§ BRIEF
In the entries that follow, find the line containing "有一年的儿童节,妹妹邓鸣璐在" and the line containing "నిరుద్యోగ అభ్యర్థులు ఎంతో", then copy exactly everything from the first through the second except the pictures.

§ DATA FOR REVIEW
Segment Open

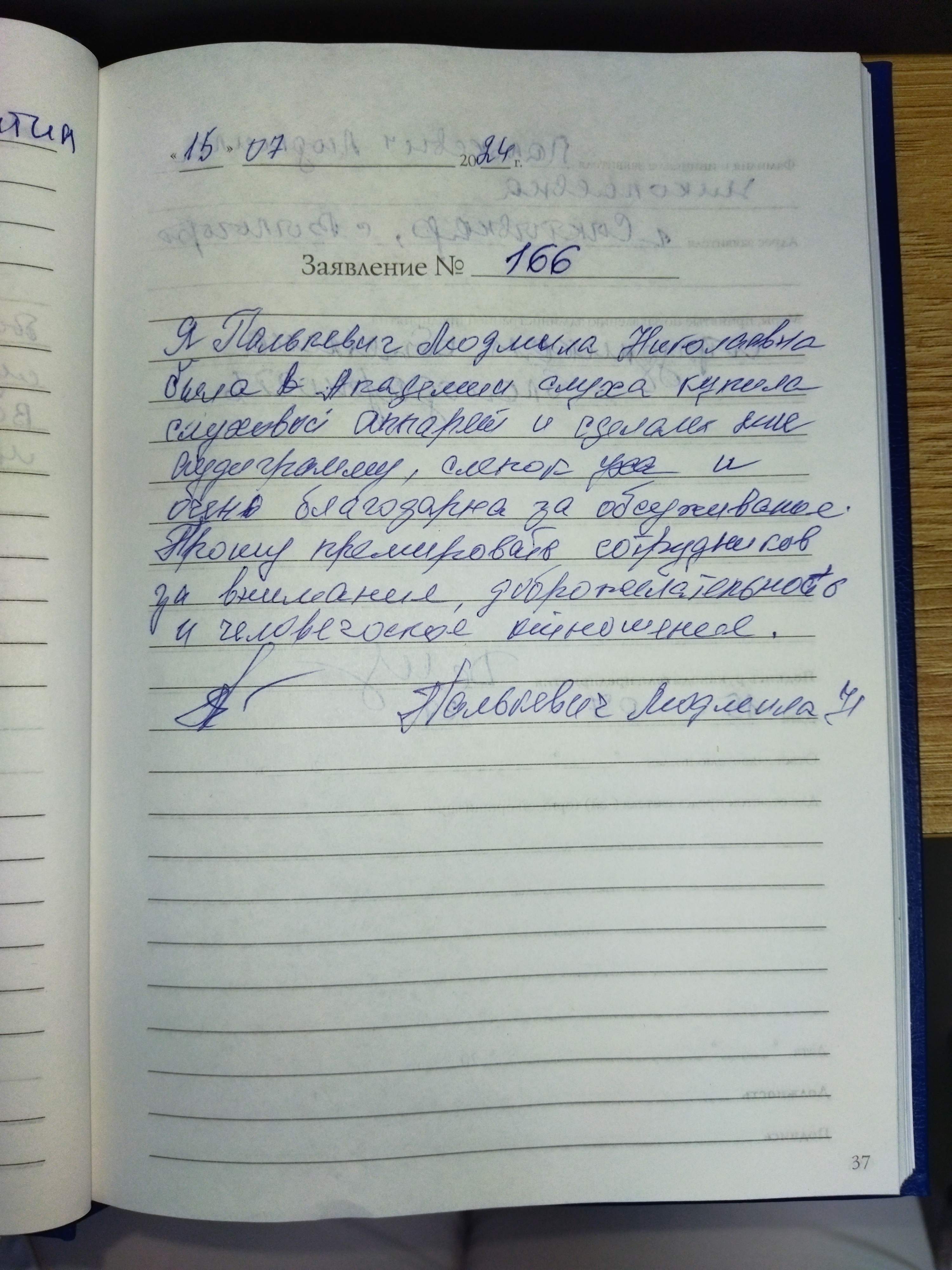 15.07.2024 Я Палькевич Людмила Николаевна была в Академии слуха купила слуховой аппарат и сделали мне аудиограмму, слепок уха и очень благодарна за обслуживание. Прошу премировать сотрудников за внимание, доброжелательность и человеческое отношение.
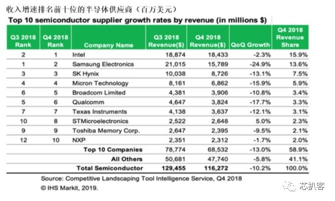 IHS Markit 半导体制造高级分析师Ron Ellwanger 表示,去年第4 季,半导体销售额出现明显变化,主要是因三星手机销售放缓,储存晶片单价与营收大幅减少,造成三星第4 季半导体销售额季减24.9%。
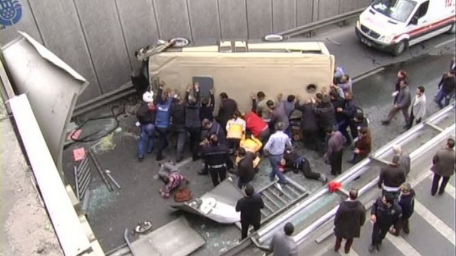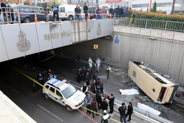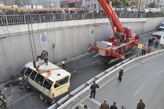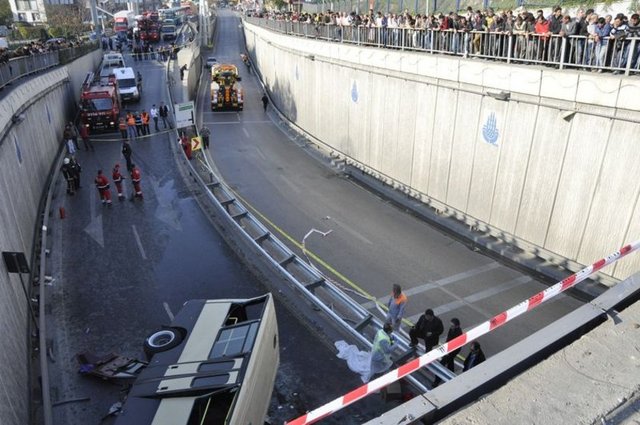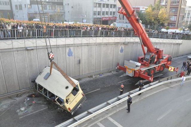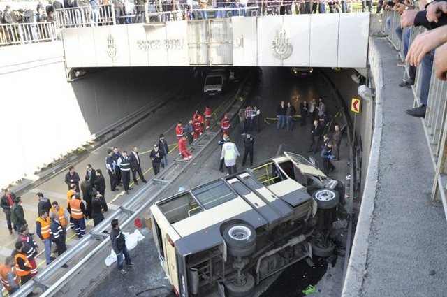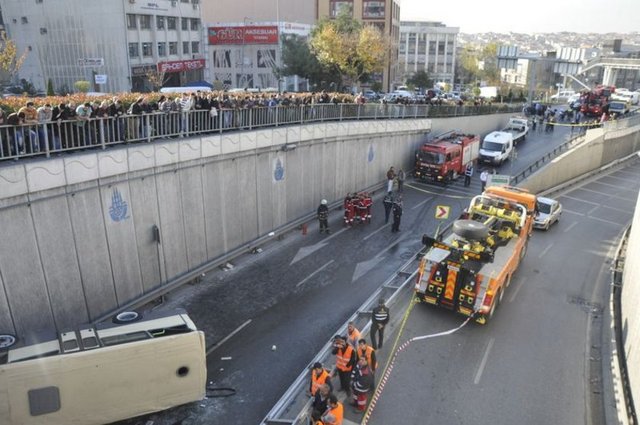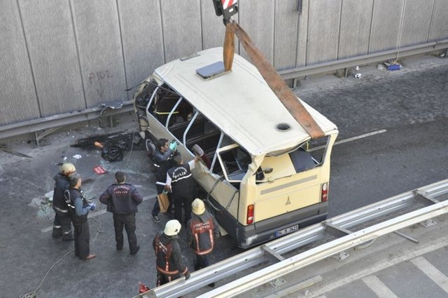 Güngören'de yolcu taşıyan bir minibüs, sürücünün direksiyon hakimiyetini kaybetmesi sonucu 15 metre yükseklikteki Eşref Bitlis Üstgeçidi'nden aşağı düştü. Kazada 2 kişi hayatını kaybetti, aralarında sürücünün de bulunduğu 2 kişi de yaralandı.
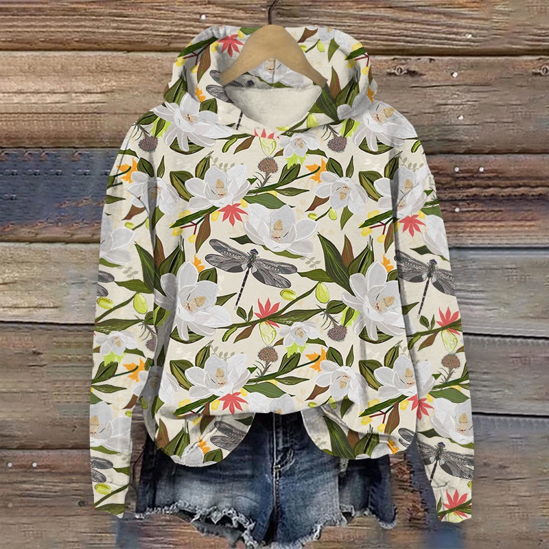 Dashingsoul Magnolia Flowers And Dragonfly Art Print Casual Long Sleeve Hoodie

Segment Closed
Segment Open

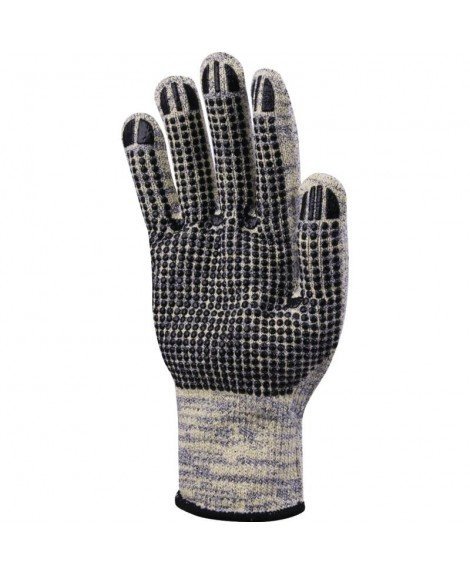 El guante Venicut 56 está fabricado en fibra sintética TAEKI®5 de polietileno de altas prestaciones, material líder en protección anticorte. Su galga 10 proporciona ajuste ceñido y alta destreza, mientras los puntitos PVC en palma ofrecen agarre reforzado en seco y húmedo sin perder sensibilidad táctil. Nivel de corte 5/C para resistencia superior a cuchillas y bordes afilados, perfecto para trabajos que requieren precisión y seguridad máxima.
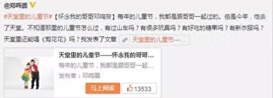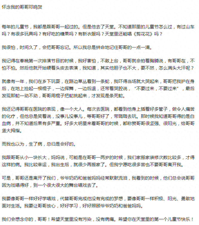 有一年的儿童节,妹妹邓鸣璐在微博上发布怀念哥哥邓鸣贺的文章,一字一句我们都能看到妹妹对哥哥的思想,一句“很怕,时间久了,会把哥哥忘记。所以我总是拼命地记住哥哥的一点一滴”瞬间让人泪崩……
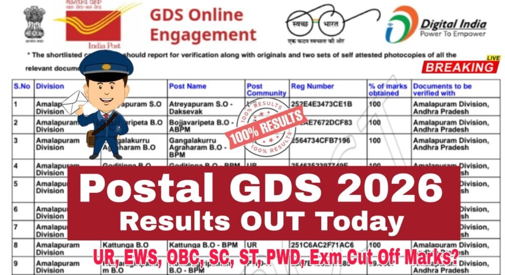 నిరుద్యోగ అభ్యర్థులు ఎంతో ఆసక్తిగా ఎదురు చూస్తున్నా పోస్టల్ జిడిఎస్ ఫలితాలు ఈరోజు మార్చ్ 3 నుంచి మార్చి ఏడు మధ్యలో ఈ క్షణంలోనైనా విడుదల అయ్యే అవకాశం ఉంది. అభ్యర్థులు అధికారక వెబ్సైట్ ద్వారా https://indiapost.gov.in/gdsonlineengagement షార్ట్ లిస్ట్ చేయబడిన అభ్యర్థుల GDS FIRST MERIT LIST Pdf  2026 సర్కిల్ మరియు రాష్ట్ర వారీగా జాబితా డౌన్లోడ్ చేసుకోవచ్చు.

Segment Closed

§ REPLY
 有一年的儿童节,妹妹邓鸣璐在微博上发布怀念哥哥邓鸣贺的文章,一字一句我们都能看到妹妹对哥哥的思想,一句“很怕,时间久了,会把哥哥忘记。所以我总是拼命地记住哥哥的一点一滴”瞬间让人泪崩……
 నిరుద్యోగ అభ్యర్థులు ఎంతో ఆసక్తిగా ఎదురు చూస్తున్నా పోస్టల్ జిడిఎస్ ఫలితాలు ఈరోజు మార్చ్ 3 నుంచి మార్చి ఏడు మధ్యలో ఈ క్షణంలోనైనా విడుదల అయ్యే అవకాశం ఉంది. అభ్యర్థులు అధికారక వెబ్సైట్ ద్వారా https://indiapost.gov.in/gdsonlineengagement షార్ట్ లిస్ట్ చేయబడిన అభ్యర్థుల GDS FIRST MERIT LIST Pdf  2026 సర్కిల్ మరియు రాష్ట్ర వారీగా జాబితా డౌన్లోడ్ చేసుకోవచ్చు.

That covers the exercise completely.